If you hold the two spheres between thumb and forefinger so as to prevent them from rotating, do they still stick to each other regardless of relative position?

Yes.

That's interesting. Those magnetic spheres are not as simple as they appear. I can think of only two possible explanations. The first is that each ball contains a magnetic monopole: one north, the other south. A quick check of the last few years' Nobel Prizes in Physics rules that out; the inventor would have won. The other is that holding the balls does not prevent an internal magnet from rotating. There may be a smaller spherical magnet inside a cavity filled with oil, say. You can test the latter hypothesis by sticking one ball atop the other (thereby aligning and locking their internal magnets in place), and approaching the pair from below with a weaker magnet, pole up. If it is attracted to the balls, turning it upside down so the other pole is up should cause it to repel. However, if you separate the two balls and repeat, the small magnet should only be attracted.

[ChrisR]

There are of course less spurious possibilities, but you seem determined .

[boomblurt]

Here's an idea for a swiveling/rotating stage:



Ingredients: one ball bearing, two small neodymium magnets, galvanised steel squares.

It is super cheap and easily modified (eg put some cork board on top to pin specimen).

[AndrewC]

So what would be really nice is a magnetic metal spherical cap with height significantly less than the sphere radius, and maybe even truncated so the radius of the flat plane defining the cap is less than the sphere radius (imagine just the end off an apple core ?) being held on an annular magnet. Subject is then held on a pin above the centre.

This gives you a nice goniometric stage free to move in any axis.

So far this has defeated me. I did try making a mould and filling it with resin loaded with iron filings but there wasn't enough iron content.

Also tried with a plastic sphere with a metal ball bearing rolling on the inside to couple to the supporting magnet but that also wasn't strong enough.

I've been watching out for some sort of steel sphere I could try and cut down to size and then fill with resin or plasticine (though the potential for self harm when trying to cut a metal sphere on a power saw is high) but haven't found anything yet. The original sphere needs to about 10cm in diameter.

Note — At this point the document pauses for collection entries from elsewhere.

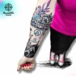 Tetování oči zvířete, květiny a nápisy na předloktí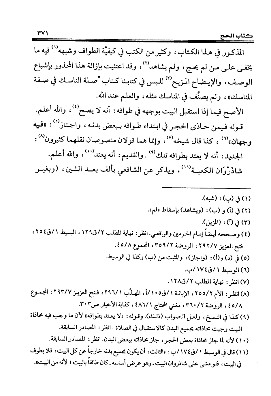 المذكور في هذا الكتاب، وكثير من الكتب في كيفيَّة الطواف وشبهه (¬1) فيه ما يخفى على من لم يحج، ولم يشاهد (¬2)، وقد اعتنيت بإزالة هذا المحذور بإشباع الوصف، والإيضاح المزيح (¬3) للبس في كتابنا كتاب "صلة الناسك في صفة المناسك"، ولم يصنَّف في المناسك مثله، والعلم عند الله.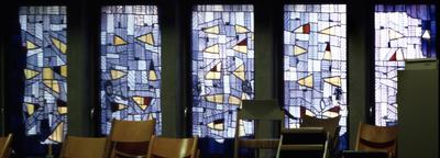 Symbolische Komposition. Charles Crodel, 1963 - 1965 Fenster in der Rückwand, Antikglas/Blei/Schwarzlot |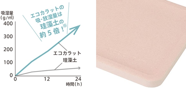 エコカラットは、LIXILが開発した多孔質セラミックスを使用しています。珪藻土の約5倍の吸・放湿量、同等以上の吸水スピードがあります。(※試験結果はLIXIL試験方法によるものです。環境条件によって結果は異なります。)

I did make a "gravity mount" using this concept with a section out of a plastic sphere but it was just not heavy = strong enough.

I'm sure someone will probably make a nice sketch showing what I mean but I leave that as an exercise for the reader

[ChrisR]

Start with something like THIS ?

[AndrewC]

Are you trying to turn me to a life of crime ?
I did think of pilfering a mixing bowl but it is stainless steel which isn't one of the better known magnetic materials

[johan]

http://www.kellydavies.co.uk/products/h ... -iron-bowl

[abpho]

Ingenious idea. Well done.

[ChrisR]

did think of pilfering a mixing bowl but it is stainless steel which isn't one of the better known magnetic materials

It might be ferromagnetic, if it's ferritic stanless steel.
Not if it's austenitic though.

--

I asked a magnet supplier to play with his spheres. He reports that a 19mm magnetic sphere and two steel discs works well.